The love-hate relationship that much of the country has with the Lakers, mirrors the attitude toward Los Angeles itself. Top on the hit list is the catch-all "Hollyweird" description, easily one of the most unimaginative phrases ever coined. Fortunately, weather patterns and foliage discussions can often be used to charm hinterland creatures - mention blue skies and waving palm fronds and wait for the wistful "some day" sighs, followed invariably by "I've got a great idea for a TV series, it's kinda based on me."  Thanks for that, always.

That Jerry Buss and his family-run business are somehow synonymous with entitlement and rings on a silver platter, escapes me. An odd family, yes. But not nearly in the same financial stratosphere as most of the so-called hawks. Dan Gilbert’s worth scads more from selling retail loans and Paul Allen’s fortune is somewhere around $23 billion, depending on how much he’s spending on his super-yacht 'Octopus' in any given week. Allen was chief among those who wanted to either cancel the season or corral more of Jerry Buss’s earnings, to compensate for their own teams’ failure to launch.

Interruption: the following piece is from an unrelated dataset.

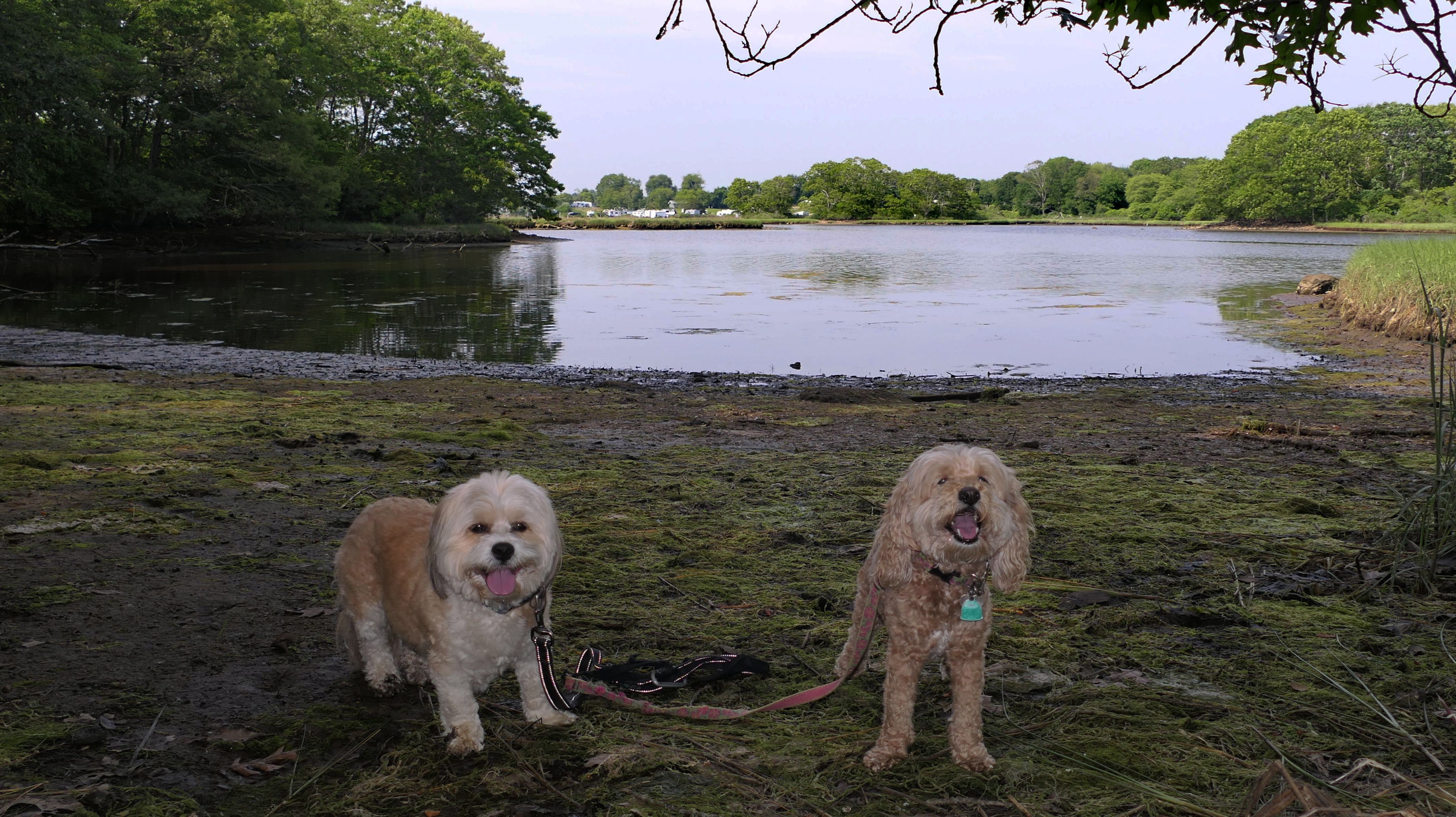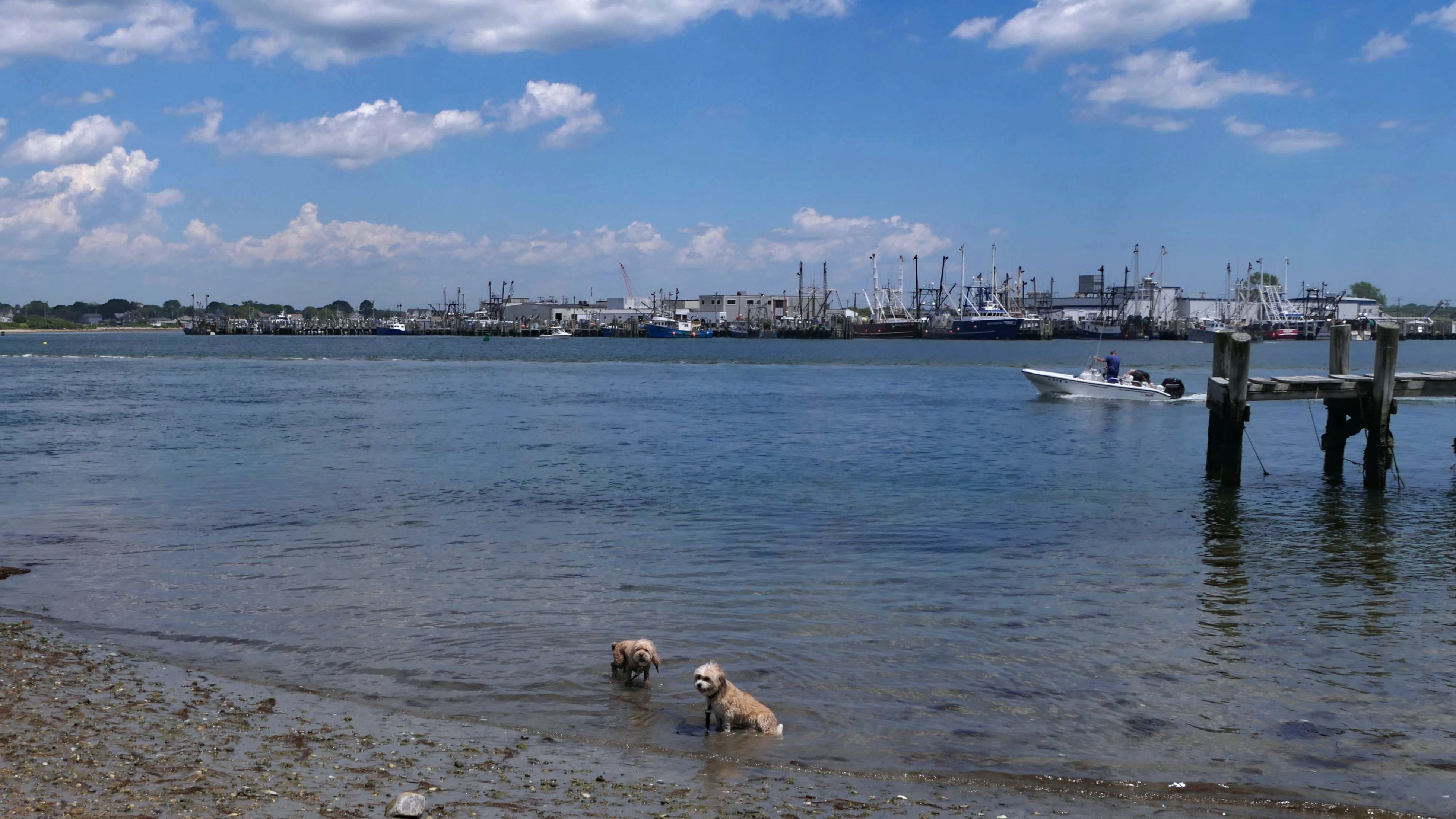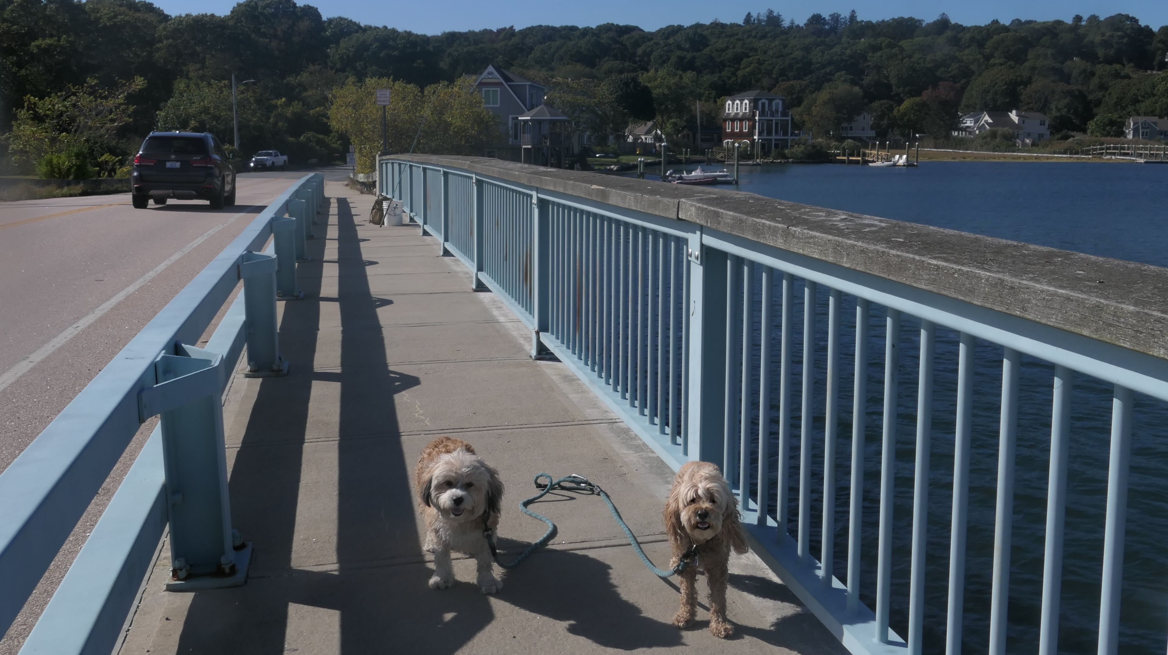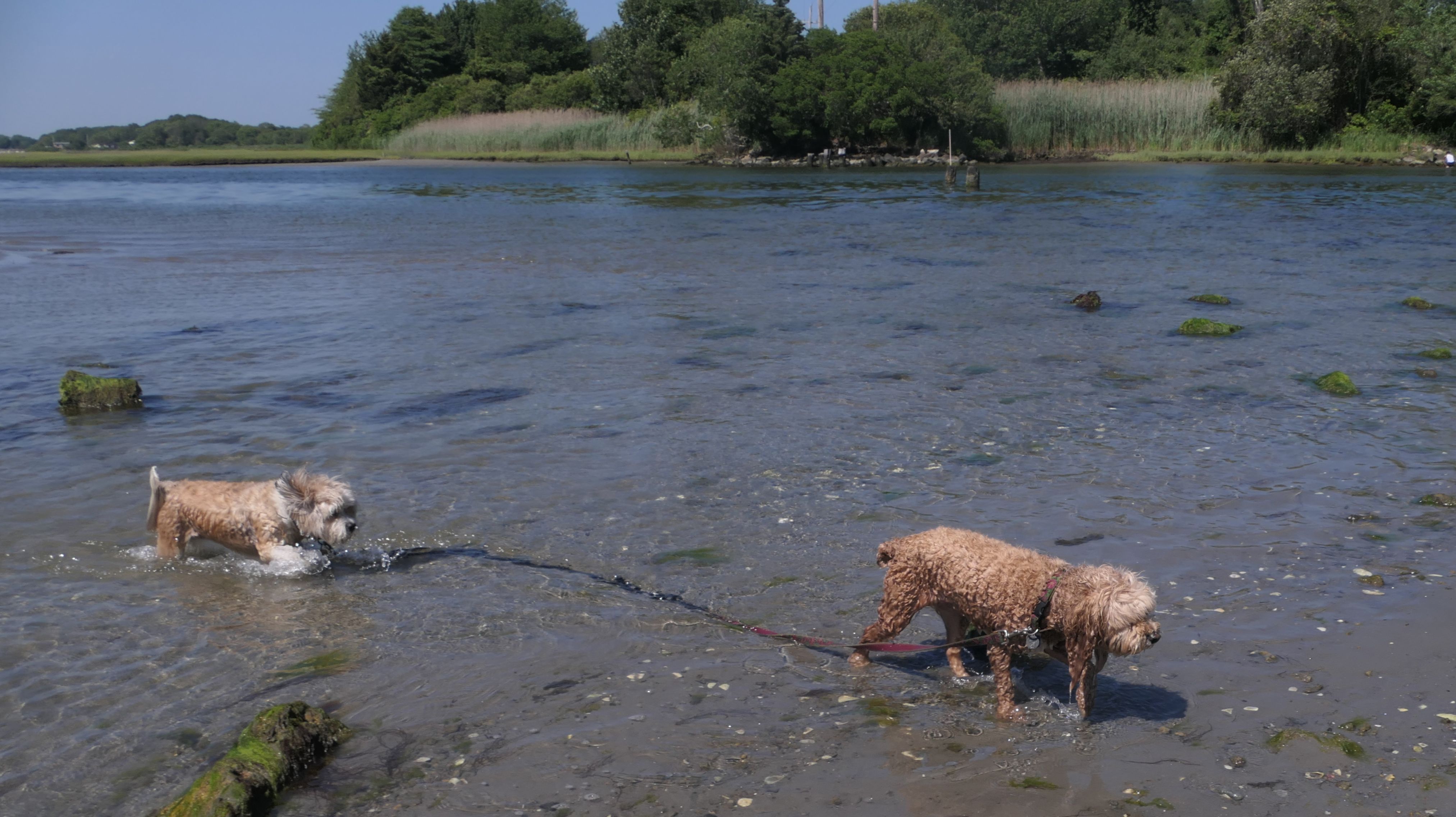 This was Day 3 of the late June heat wave. Record temps were recorded throughout the region, with many areas topping 100 degrees. Even the Rhode Island shore was well over 90. It was far too hot to go on any long hikes, so we went to a number of different places where the dogs could spend as much time in the water as they wanted to cool off. We went to Dog Beach first, but there was no parking available, so this was our next stop. This time around, the RSV Endeavor research vessel was not docked here. It must be out on a mission! We were able to get to the rocky area on the other side of the ship dock this time. We stayed here for a bit, and Mandy and Lexi actually played on the beach. The water was calm, shallow, and warm. Our next stop was the Sprague Bridge Recreation area.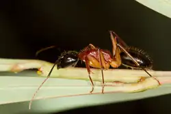Workers use several social techniques during colony movements to other nest sites or to lead others to food sources, which includes a worker carrying another worker, tandem running or laying down a pheromone trail for orientation.[23] They are also attendants to the butterflies Ogyris idmo and Ogyris genoveva.[24][25][26] The larvae will reside in underground areas constructed by attending ants, and during the night they will emerge with them and feed on mistletoe leaves.[27] The species is tolerant to myrmecophiles; the beetles Ctenisophus morosus and Cryptodus paradoxus have been found in nests, and the wingless cricket Myrmecophilus australis also dwells inside colonies.[28][29][30] Other insects which dwell inside nests include froghoppers in the family Cercopidae.[31]

Regardless of past Lakers precepts, this year’s model under Mike Brown’s direction is more lunch bucket than showtime, an amalgamation of aging stars, second-round draft picks and journeymen role players. Kobe Bryant had the ligaments in his right wrist torn during a preseason outing against the Clippers. The ligaments aren’t necessarily important, they only hold the bones in place. Taking this all into account, Bryant has decided that the proper course of action is to continually drive hard to the basket and offer his mangled arm up for retribution. And make no mistake, opposing players are drawing a bead. Nobody's better than Kobe, at Russian roulette basketball.

With three games in as many days, the Lakers have been a work in progress. They blew a late lead against the Bulls on Christmas, imploded against the Kings and demolished the Jazz on a night when their legs should have been dead. They face the Knicks tonight and get Andrew Bynum back from suspension in time for Saturday’s game against Denver (the first of a Nuggets back-to-back). It’s a brutal first stretch in a compressed season but it's welcome after a year gone wrong. The system restores, the cathode ray tube warms and blurs and the season embraces us, once again.